Thanks for posting this. I'm old enough to remember his show - he was way ahead of his time dogwise as well as people wise. I seem to remember that he had two WGSDs.


----------



## krystyne73 (Oct 13, 2010)

RIP Jack! He got me started on juicing years ago! man he was an inspiration, still is. I have a Vitamix now and think off him sometimes. 
That is really cool about his dog. Thanks!


----------



## Samba (Apr 23, 2001)

Jack was a man ahead of his time in many ways!


----------



## Marshmallows (Jan 28, 2007)

LOL, What a great clip.

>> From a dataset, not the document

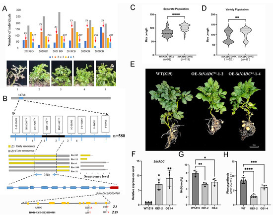 Genetic Basis of Senescence in Potato. The genetic regulation of potato senescence has been a focus of research for decades. Early studies identified the El (Early Inactivation) locus as a major Quantitative Trait Locus (QTL) for senescence, located on multiple chromosomes (II, IV, V, VII, X, XI, and XII) and associated with traits such as plant height, tuber formation, and disease resistance [28,29]. However, the primary QTL for maturity is consistently mapped to chromosome V, suggesting polygenic control of senescence [30,31]. Despite these advances, only a few senescence-related genes, such as StCDF1 [8] and StABI5 [32], have been cloned in potatoes. The molecular mechanisms underlying senescence in tetraploid potatoes remain largely unexplored. In this study, we fine mapped a senescence locus to a 75 kb region on chromosome V, distinct from previously reported loci such as StCDF1. This interval contains StNADC, a key gene regulating senescence through the NAD biosynthesis pathway.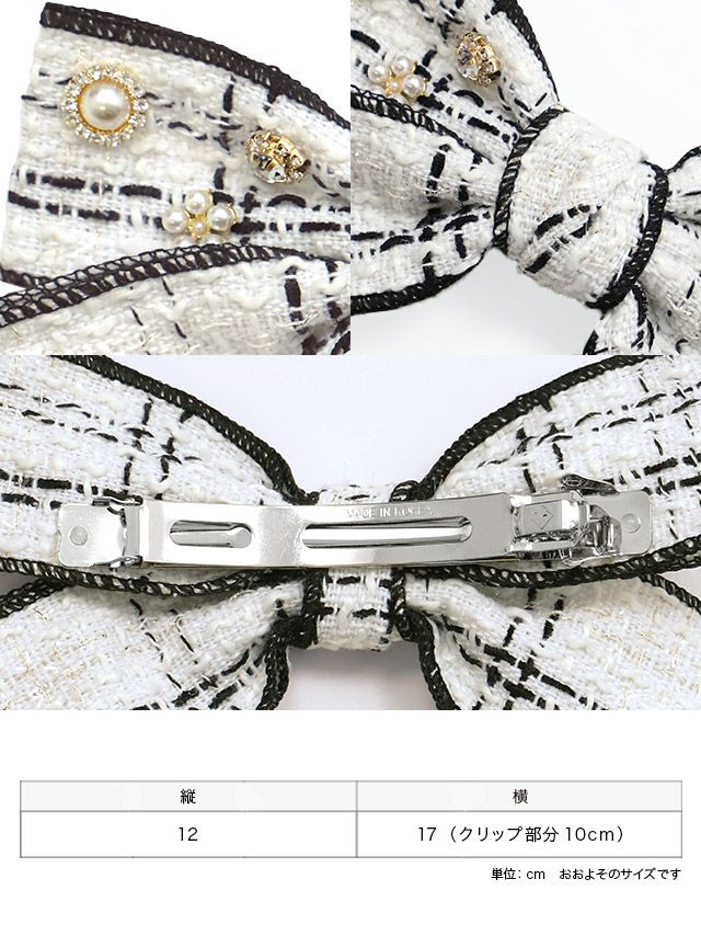 ツイードリボンレトロビジュー付きバレッタヘアアクセサリー

I love his definition of house broke.


----------



## Stosh (Jun 26, 2010)

My mom bought a Vitamix back then and I still have and use it! It's all stainless steel-indestructible. I too liked to watch the show to see Happy- the first white gsd I'd ever seen


----------



## jkscandi50 (Nov 17, 2010)

I'm sooo old I remember watching him when I was a little girl (and trying to do the exercises- LOL) - I loved his dog too - and raw fed - cool.


----------